| About this task |
Below is a listing. Return the lines from the one that contains "Mave Skirt - 14 - 30 - By True Bias Patterns" to the one that contains "Amøber er encellede", both ends included, verbatim and with no pictures.

| Exercise inputs |
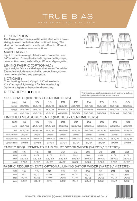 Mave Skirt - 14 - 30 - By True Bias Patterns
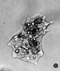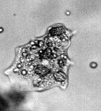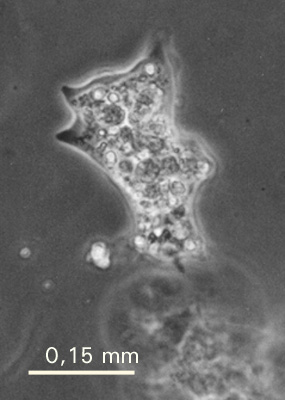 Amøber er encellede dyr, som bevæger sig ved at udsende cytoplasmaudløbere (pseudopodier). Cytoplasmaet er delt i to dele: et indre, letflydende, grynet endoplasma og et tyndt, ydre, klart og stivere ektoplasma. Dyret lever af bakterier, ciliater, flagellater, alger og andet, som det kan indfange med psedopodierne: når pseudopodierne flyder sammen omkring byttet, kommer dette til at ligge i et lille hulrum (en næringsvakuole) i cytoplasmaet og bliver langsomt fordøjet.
--
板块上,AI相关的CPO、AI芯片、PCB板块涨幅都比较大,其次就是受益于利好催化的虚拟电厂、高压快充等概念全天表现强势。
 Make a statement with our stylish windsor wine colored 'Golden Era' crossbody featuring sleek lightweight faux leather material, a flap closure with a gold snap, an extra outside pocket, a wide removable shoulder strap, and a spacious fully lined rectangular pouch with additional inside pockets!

| Response below |
 Mave Skirt - 14 - 30 - By True Bias Patterns
 Amøber er encellede dyr, som bevæger sig ved at udsende cytoplasmaudløbere (pseudopodier). Cytoplasmaet er delt i to dele: et indre, letflydende, grynet endoplasma og et tyndt, ydre, klart og stivere ektoplasma. Dyret lever af bakterier, ciliater, flagellater, alger og andet, som det kan indfange med psedopodierne: når pseudopodierne flyder sammen omkring byttet, kommer dette til at ligge i et lille hulrum (en næringsvakuole) i cytoplasmaet og bliver langsomt fordøjet.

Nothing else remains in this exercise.